Please restate the data that follows word for word, with the pictures left out.

## Data excerpt
-------

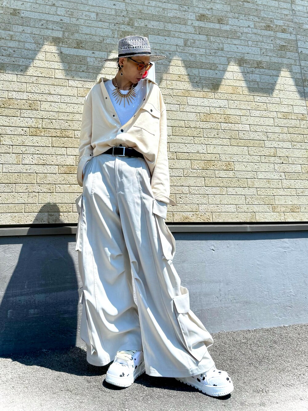 ☆ご覧いただきありがとうございます☆ JINです! 今朝投稿したヤツは白の色味がイマイチ良くなかったのと、暑くなったので薄着の投稿もさせて頂きます😅 昨日はオールブラック 今日はオールホワイト‼️でコーデしました ホワイトと言っても色調は多々あります。なのでコーデが中々決まらなかったりします。 このオールホワイトコーデのポイントは、 ハット・インナー・スニーカー この上中下を真っ白にする事‼️ 又、上中下に少しの差し色として黒を入れて全体を引き締める所にあります。 その上で、ラフなシャツの着方(ノウハウ動画) や遊びのあるボトムス 個性のあるアクセサリーやサングラスを付ける事で よりオシャレな雰囲気になるのではと 私は考えてコーデしました😊 ⭕️オールホワイトのポイントは 上と靴の色味を合わせるだけでも、まとまりが出る‼️ このポイントを押さえれば、いい感じになると思うので、是非オールホワイトコーデをやってみてください‼️ これからの季節 オールホワイトのコーデはかなりイケてると思うので、 トライです‼️😁✨️ いつも見て下さり、ありがとうございます‼️
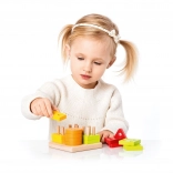 Inserire i pezzi sui pioli allena la presa, la precisione e la coordinazione occhio–mano. Ideale per le manine e per affrontare i primi compiti semplici.
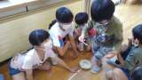 2つ目のゲームは、「豆の引っ越し競争」です。慎重に豆をスプーンにのせて運んでいま...
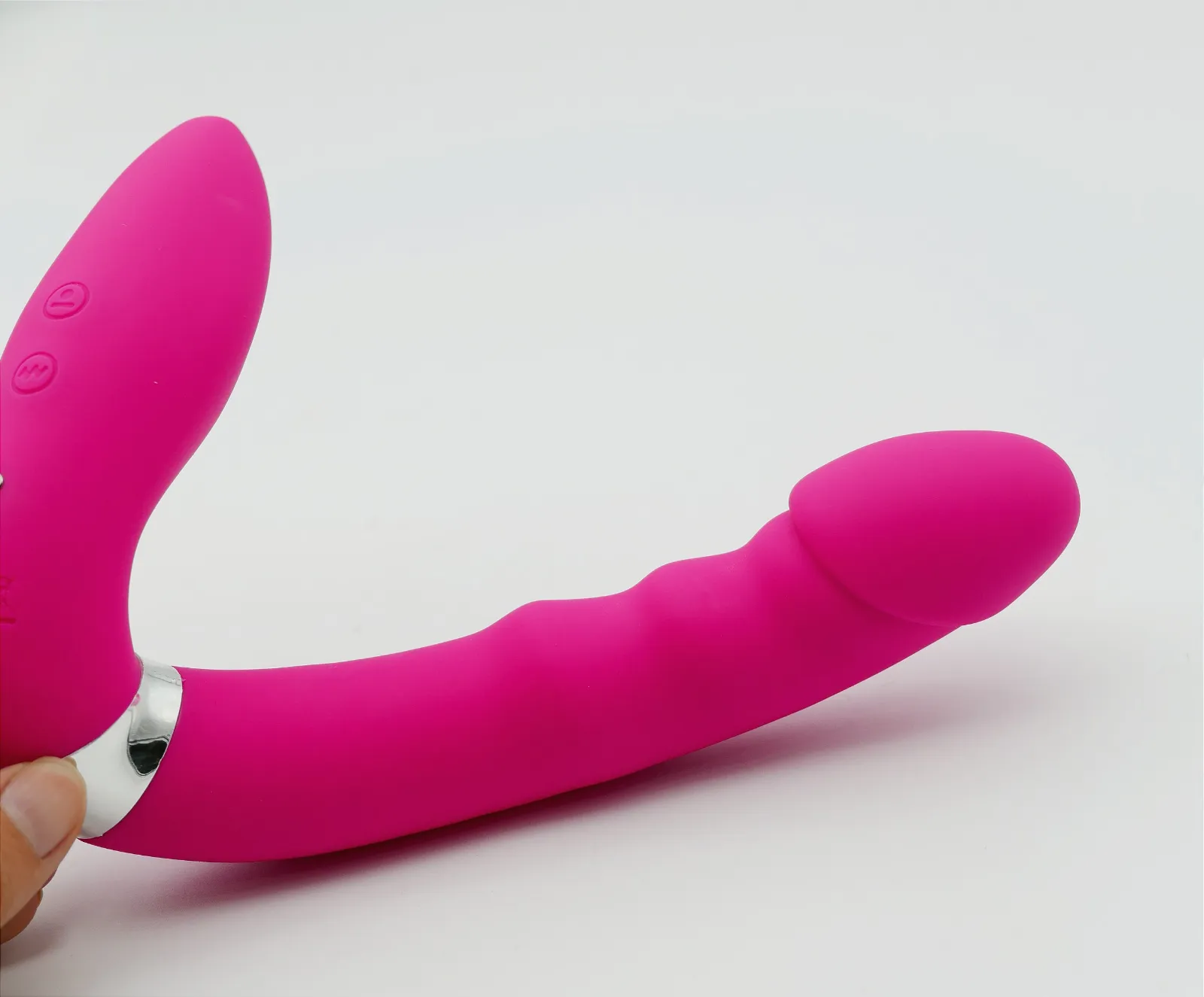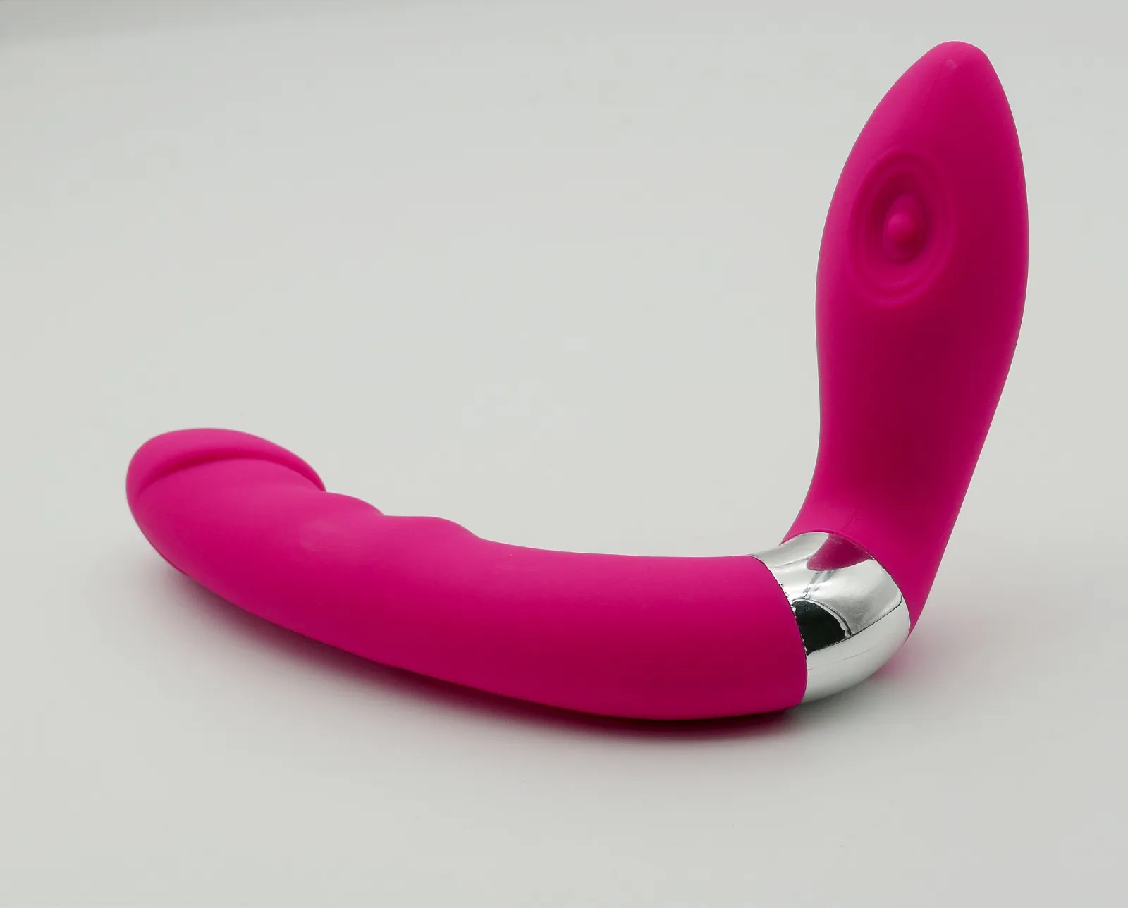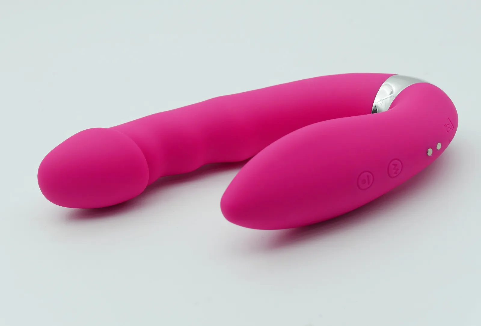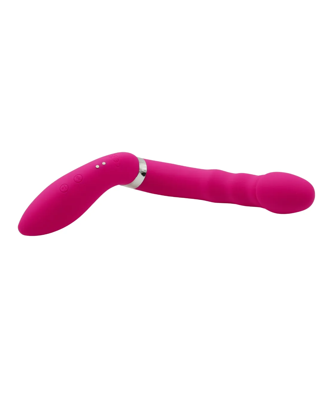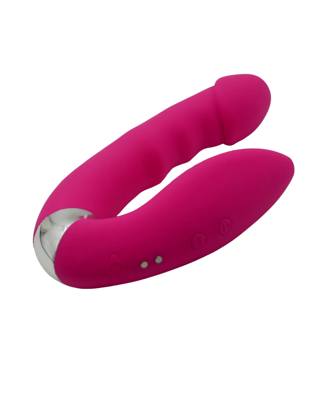 Possui botões de controle independentes. Você deixa o vibrador no formato em que deseja usar. Se for usar para penetração e estimulação clitoriana ao mesmo tempo, deixa as duas pontas para o mesmo lado e liga os dois motores. Caso deseje usar somente para estimulação clitoriana ou somente penetração, deixa uma ponta para cada lado e ligue o motor que desejar.

-------

## Written response
 ☆ご覧いただきありがとうございます☆ JINです! 今朝投稿したヤツは白の色味がイマイチ良くなかったのと、暑くなったので薄着の投稿もさせて頂きます😅 昨日はオールブラック 今日はオールホワイト‼️でコーデしました ホワイトと言っても色調は多々あります。なのでコーデが中々決まらなかったりします。 このオールホワイトコーデのポイントは、 ハット・インナー・スニーカー この上中下を真っ白にする事‼️ 又、上中下に少しの差し色として黒を入れて全体を引き締める所にあります。 その上で、ラフなシャツの着方(ノウハウ動画) や遊びのあるボトムス 個性のあるアクセサリーやサングラスを付ける事で よりオシャレな雰囲気になるのではと 私は考えてコーデしました😊 ⭕️オールホワイトのポイントは 上と靴の色味を合わせるだけでも、まとまりが出る‼️ このポイントを押さえれば、いい感じになると思うので、是非オールホワイトコーデをやってみてください‼️ これからの季節 オールホワイトのコーデはかなりイケてると思うので、 トライです‼️😁✨️ いつも見て下さり、ありがとうございます‼️
 Inserire i pezzi sui pioli allena la presa, la precisione e la coordinazione occhio–mano. Ideale per le manine e per affrontare i primi compiti semplici.
 2つ目のゲームは、「豆の引っ越し競争」です。慎重に豆をスプーンにのせて運んでいま...
 Possui botões de controle independentes. Você deixa o vibrador no formato em que deseja usar. Se for usar para penetração e estimulação clitoriana ao mesmo tempo, deixa as duas pontas para o mesmo lado e liga os dois motores. Caso deseje usar somente para estimulação clitoriana ou somente penetração, deixa uma ponta para cada lado e ligue o motor que desejar.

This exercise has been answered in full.